14 June 2017
By Elisabeth Comere, Director of Environment and Government Affairs
The food and beverage industry is evolving rapidly, as are available packaging options. Here’s a look at some of the trends we’re seeing.

Adjusting to New Distribution Channels with the E-Commerce Revolution
There’s no doubt e-commerce is here to stay. Not only are consumers expected to continue to purchase more goods through this channel, but online grocery sales are expected to increase 20% annually through 2025. Packaging’s role is somewhat different in the e-commerce distribution channel than it is in the retail environment. With e-commerce, there are many more touch points that represent opportunities for packaging failure, particularly if packed along with sharp, heavy, or oddly shaped items. Packaging must be sturdy enough to withstand the journey. Further, whereas packaging on a store shelf is designed to attract a consumers’ attention with sizable facings and strong shelf presence, ecommerce requirements are heavily influenced by shipping costs, favoring packaging that is as light and small as possible, without sacrificing product protection.

Ensuring Food Waste Is Reduced Throughout the Supply Chain
Minimizing food waste is a major concern from a business risk and security perspective. Globally, one-third of food is lost or wasted before it is consumed. To combat food waste, the USDA recently developed new guidelines for food product labels to encourage the use of a standard “Best if Used By” date, which is expected to reduce the amount of edible food that is disposed.
 
Advancements and innovations in packaging and labeling will also help minimize waste throughout the supply chain and after purchase. For example, smart packaging has been introduced that monitors food decay and can ensure fresh food products have been stored at the proper temperature, alerting consumers when food becomes inedible. Additionally, new smart labels for fresh foods change colors to indicate the freshness of food products, providing consumers assurance that food is still safe to eat—or encouraging them to quickly use a product.

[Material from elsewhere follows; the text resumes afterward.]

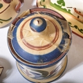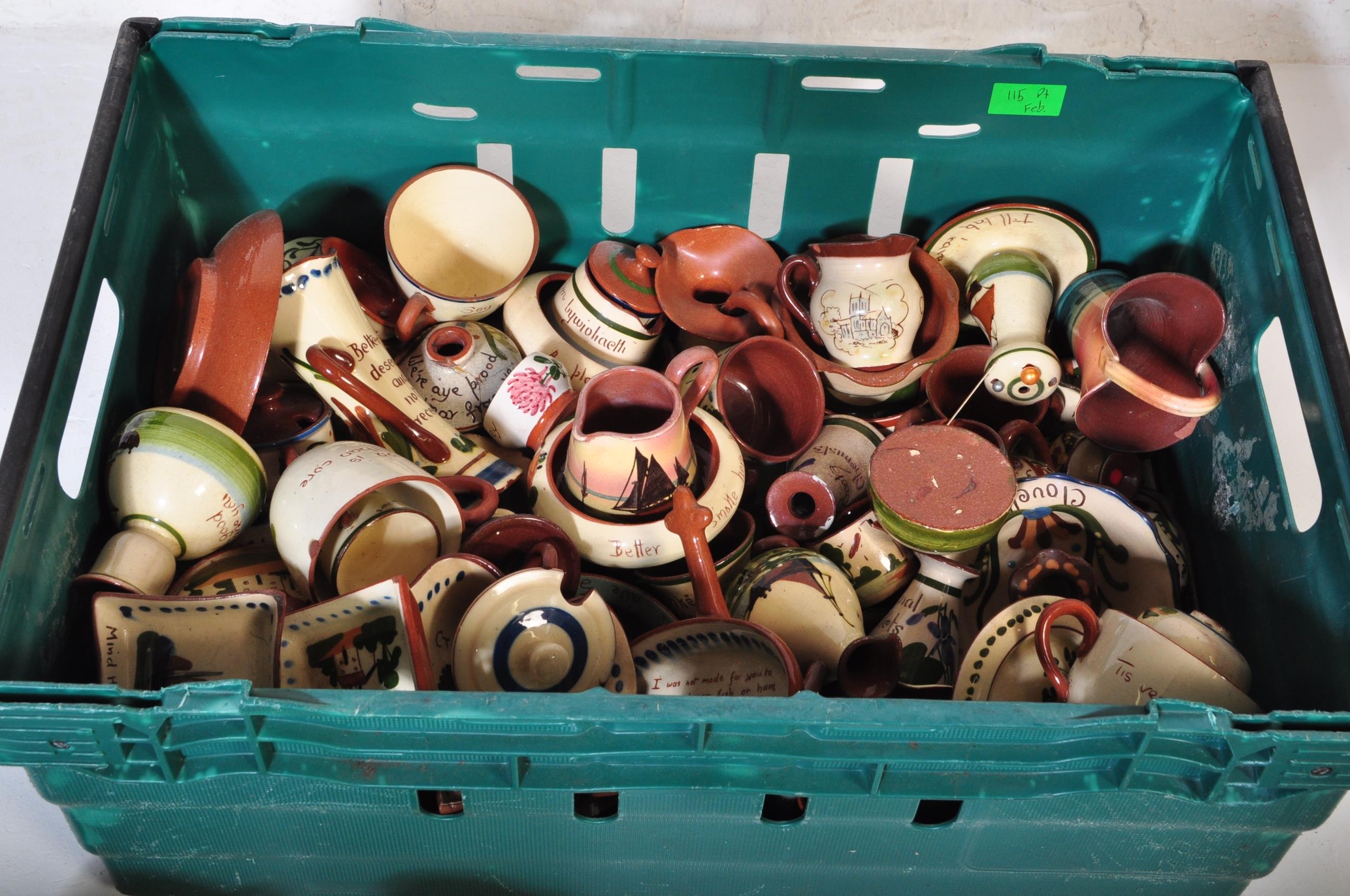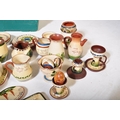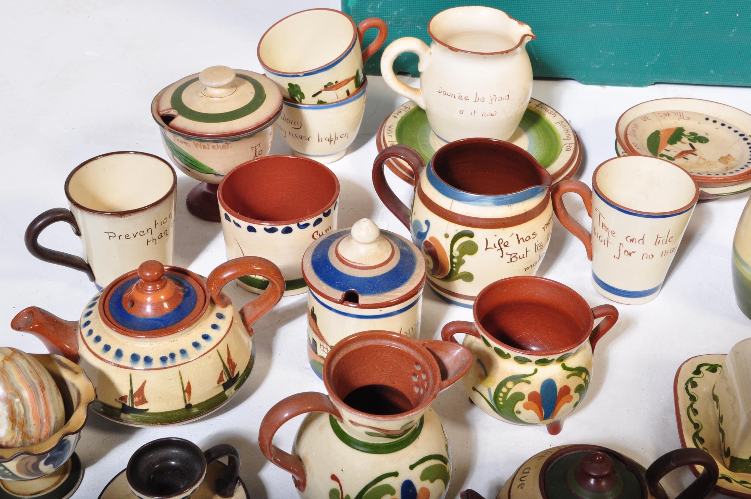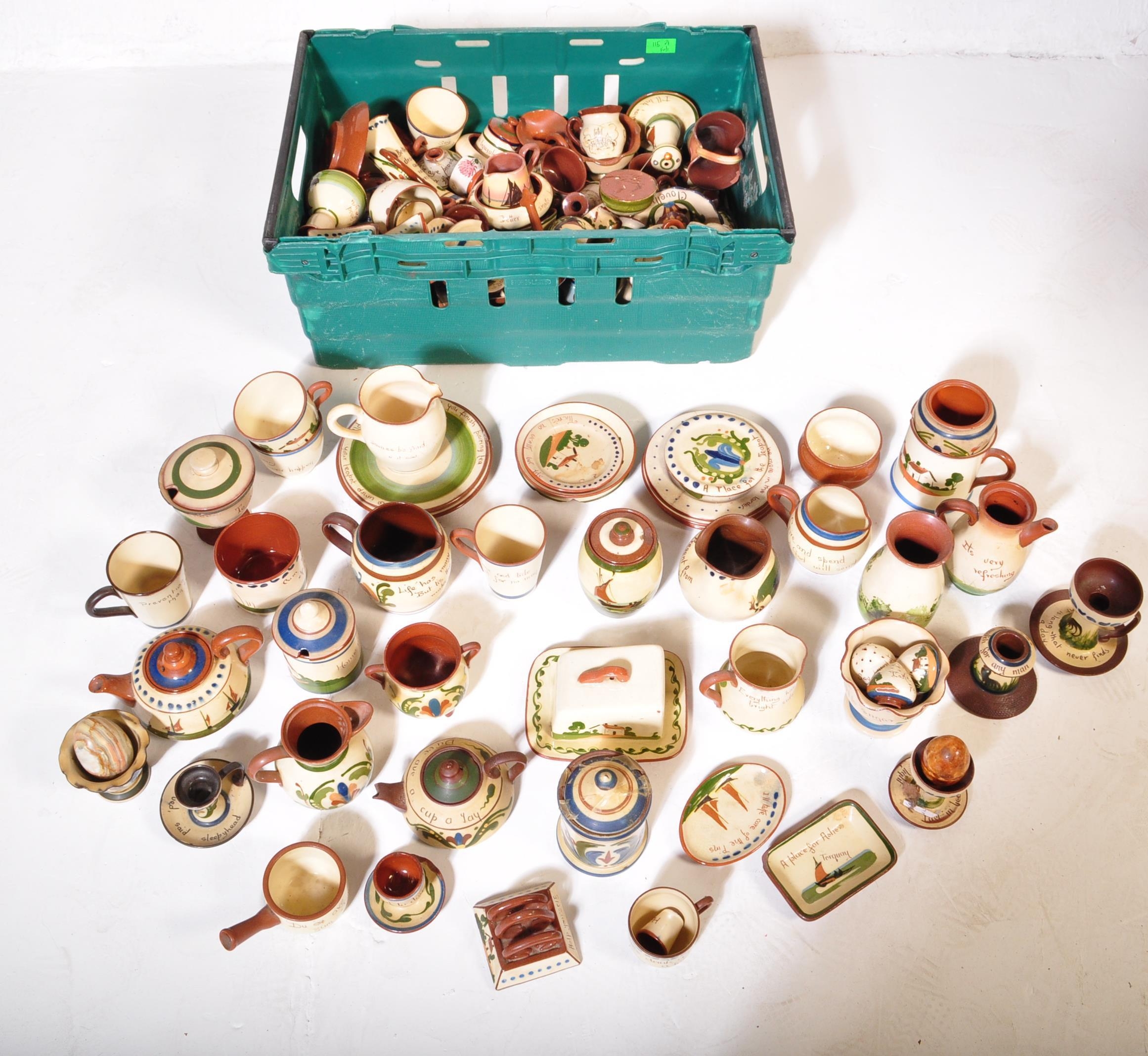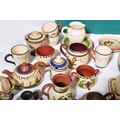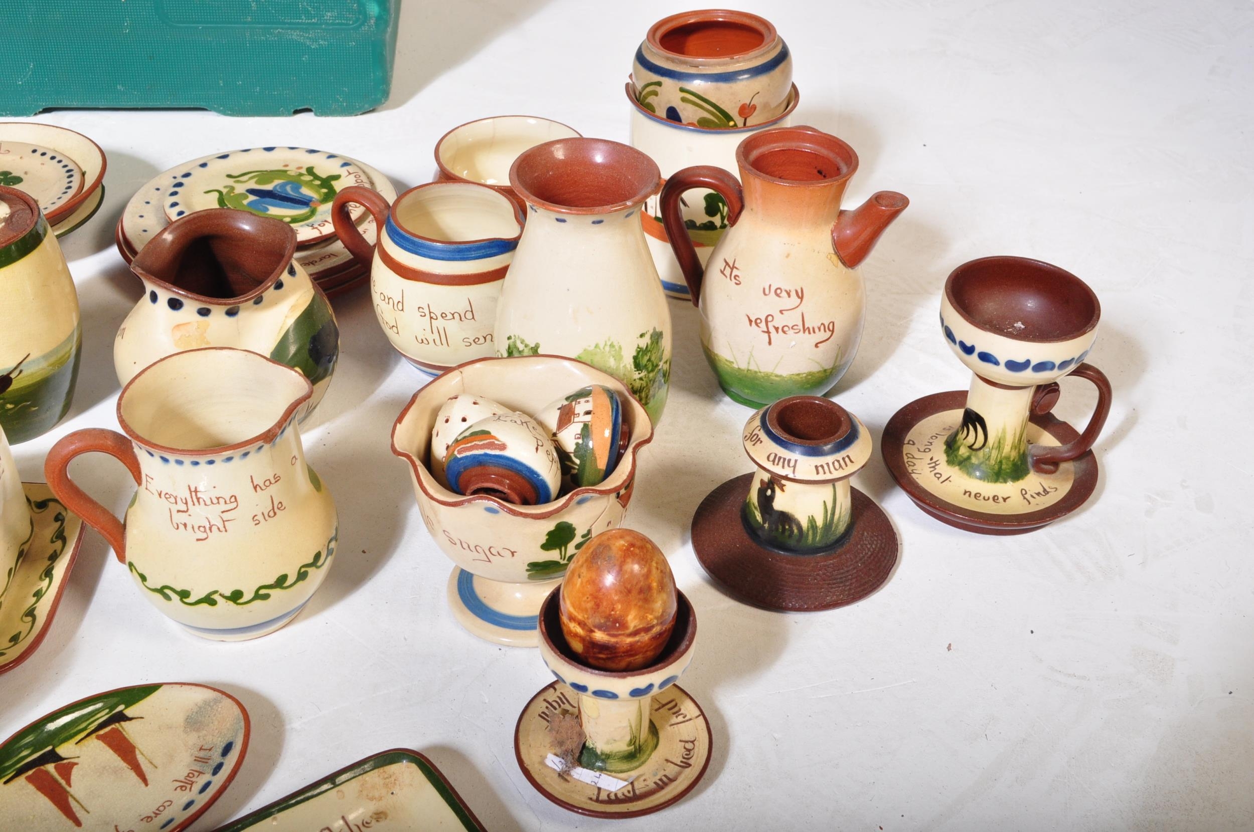 Torquay & Dartmouth pottery tea service set. Large collection of vintage 20th Century ceramic pottery items to include; handle jugs, jars, cups, mugs, teapot, lidded containers, plates, candle holders, salt & pepper shakers, cheese cover and ornaments. With hand painted decoration of flowers and cottages, with sayings in a stoneware brown colourway. Some items with stamps to underside.

Supporting the Circular Economy – Designing Packaging with Resource Conservation in Mind
There is growing pressure on food and beverage companies to incorporate circular economy principles into product packaging. According to the Ellen MacArthur Foundation, “a circular economy is restorative and regenerative by design, and aims to keep products, components and materials at their highest utility and value at all times.” Renewable materials play a big role here.
 
To this end, Tetra Pak ensures its renewable materials, including wood and sugarcane, come from traceable, sustainable sources. This includes wood certified by the Forest Stewardship Council® (FSC) as coming from well-managed forests and sugarcane certified by Bonsucro as being sustainably farmed and milled.
 
More and more, companies are identifying opportunities to preserve and enhance natural capital, optimize the use and value of resources, and foster efficiency throughout the value chain. Switching to packaging made from renewable materials, and relying on reputable third-party organizations to ensure standards are met, is one way companies can limit their environmental impact.

Enhancing Sorting Technology for Recyclables Processing
Packaging manufacturers and brand owners will continue to work directly with recyclers to improve the compatibility of their packaging in recycling systems—both with respect to packaging design as well as new sorting and processing technologies. Material recovery facilities and other processors are working to improve sorting efficiencies via the use of robotics, artificial intelligence, and automated material classification systems, which are already in use but are continuously being improved.